The reasons for these significant cuts is simple. Annuity rates are priced in relation to yields on gilts and corporate bonds. This means that when yields fall, annuity rates also fall. One of the reasons why yields have fallen is that in times of financial uncertainty investors buy gilts, and this causes yields to fall. It is really only simple supply and demand; the higher the demand the more the price goes up. The more astute will know that annuity providers actually invest their annuity funds in other fixed-interest investments, including corporate bonds, but gilt yields are still a good benchmark for pricing.@Image-2ef0b02c-d963-4677-9a62-c2855d82f7f8@
I first starting writing about annuities in about 1990, and I remember the headlines in the national press when rates started to fall in 1995. The headlines included such colourful language as ‘legalised theft’ and ‘insurance companies are screwing their clients’. My favourite quote was, and still is, ‘my dog could have done better’.
Looking at back at that time, when the yield on 15-year gilts was about 6 per cent and the benchmark annuity was about 10 per cent, I wonder what all the fuss was about. A lot of people would like these rates today.
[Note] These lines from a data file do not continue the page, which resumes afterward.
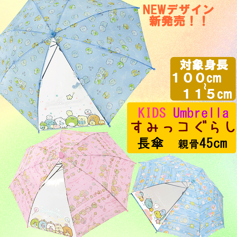 45cm すみっコぐらし 安全 セミオートろくろ 対象身長 100〜115cm こども傘 キッズ傘 長傘 デビュー傘 透明窓付き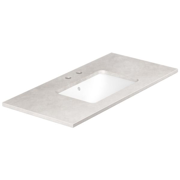 Art.nr: 4076308Grå bänkskiva i kompaktsten med underlimmad ho i porslin, passar Ducentic-kommoder. Skivan har en bredd på 100 cm och två blandarhål för en dubbelhålsblandare.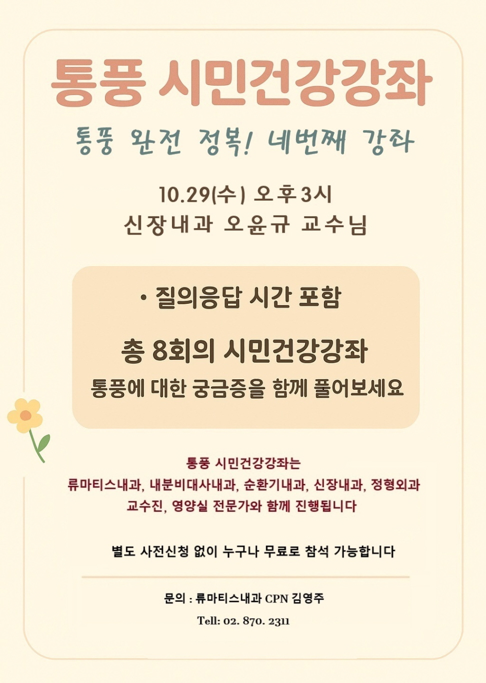 통풍의 동반 질환 "통풍이 있으면 콩팥도 위험하다" [통풍 시민건강강좌]

Then it was my friend Ian Cowie, then at the Daily Telegraph who coined the phrase ‘double whammy effect’. He was referring to the time after 2001 when both annuity rates and equity prices were falling, so it was bad news for annuities and bad news for drawdown.
Here we are today with 15-year gilts yielding 1.56 per cent and annuity rates at rock bottom. Rates have never been so low, and arguably, the financial outlook has never been so uncertain.
As I get older I keep saying ‘the answers depend on the question asked’. So what are the questions advisers, their clients and policymakers asking. My best guess is the following:
What is the short and long-term outlook for annuities?
The short answer is it depends on bond yields. The long answer is it depends on bond yields. Next question please.
Events are moving very quickly, and it is very difficult to form a view about the future. My own views are changing as I listen to the Governor of the Bank of England talk about a possible reduction in the bank rate over the summer. In the past there have been other factors influencing annuity pricing such as Solvency II, increased life expectancy and the impact of pension freedoms. Perhaps we have got to a position where these factors have less influence and the underlying bond yields have more influence.